Consider the following struct:
```c++
struct A {};
struct B {
[[no_unique_address]] A field_1_;
char field_2_;
A& field_1() { return field_1_; }
char& field_2() { return field_2_; }
};
```
Here, while `sizeof(A)` is `1`, it has no data, only tail padding. A C++
assignment to `field_1_` will not write anything. And so C++ can store an
unrelated object inside of the tail padding. `[[no_unique_address]]` marks the
tail padding as available for use. `field_2_` may actually be stored inside the
tail padding of `field_1_`, and the `sizeof(B)` may also be `1`.
(Base classes also allow their tail padding to be reused, and the same example
works with `struct B : A`.)
```c++
static_assert(sizeof(A) == sizeof(B));
static_assert(offsetof(B, field_1) == offsetof(B, field_2));
```
Rust does not work this way. In Rust, tail padding *is* part of the object. Rust
references refer to the full span of the pointed-to object, including that tail
padding. And so a Rust reference to `field_1_` would encompass `field_2_` by
accident.
This means that the following code has undefined behavior via conventional
aliasing, despite looking fairly innocent:
```c++
B b = ...;
// Rust: pub fn foo(_: &mut A, _: &mut u8)
foo(b.field_1, b.field_2); // C++
```
And the following Rust code would perform unintended mutations to `field_2`:
```rust
let mut b1: B = ...;
let mut b2: B = ...;
// This actually swaps field_2!
std::mem::swap(&mut b1.field_1(), &mut b2.field_1());
```
### C++20
In C++17 and earlier, there was only one way to create a potentially-overlapping
object: inheritance (["EBO"](https://en.cppreference.com/w/cpp/language/ebo)).

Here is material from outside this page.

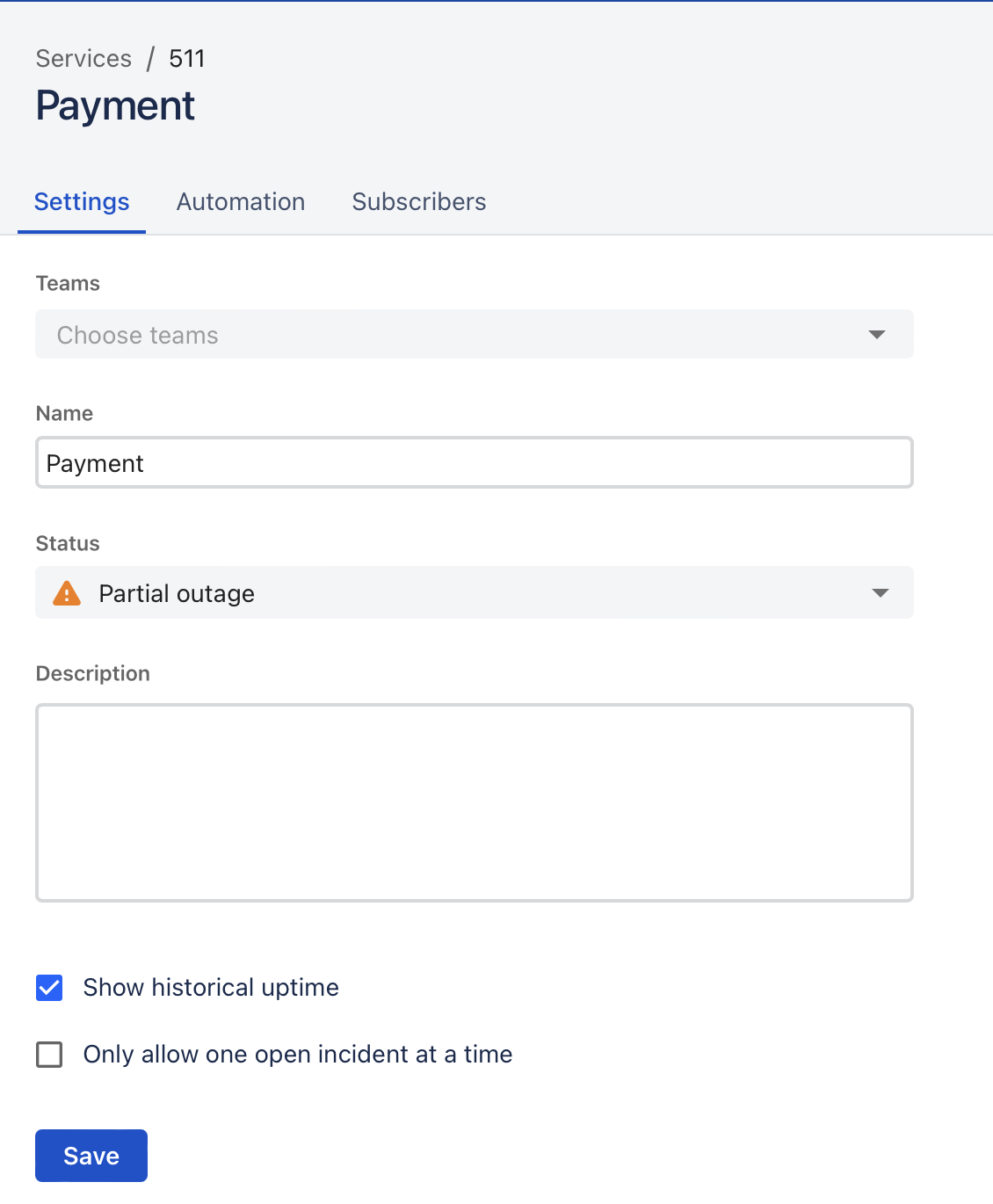 By default, a service's historical uptime is shown and you can choose to hide service uptime on the status page. If you'd like to globally disable historical uptime, thus preventing any status page from displaying the historical uptime, you can do so in the service settings:

Making inheritable types non-`Unpin` could have removed or mitigated the risk of
overlapping objects in C++17 and below.
However, as of C++20, **any** object can alias another in the tail padding.
C++20 introduced `[[no_unique_address]]`, which makes tail padding available for
reuse for any type. Since `[[no_unique_address]]` may be used fairly extensively
in library code (it has no negative effects in C++), we can't assume that it
does not exist.
In modern C++, `final` types are not much safer than other types. One must be
careful **when creating Rust references**, to ensure that those Rust references
do not contain data in their tail padding, or otherwise alias, and there is no
way to guarantee this at the type level.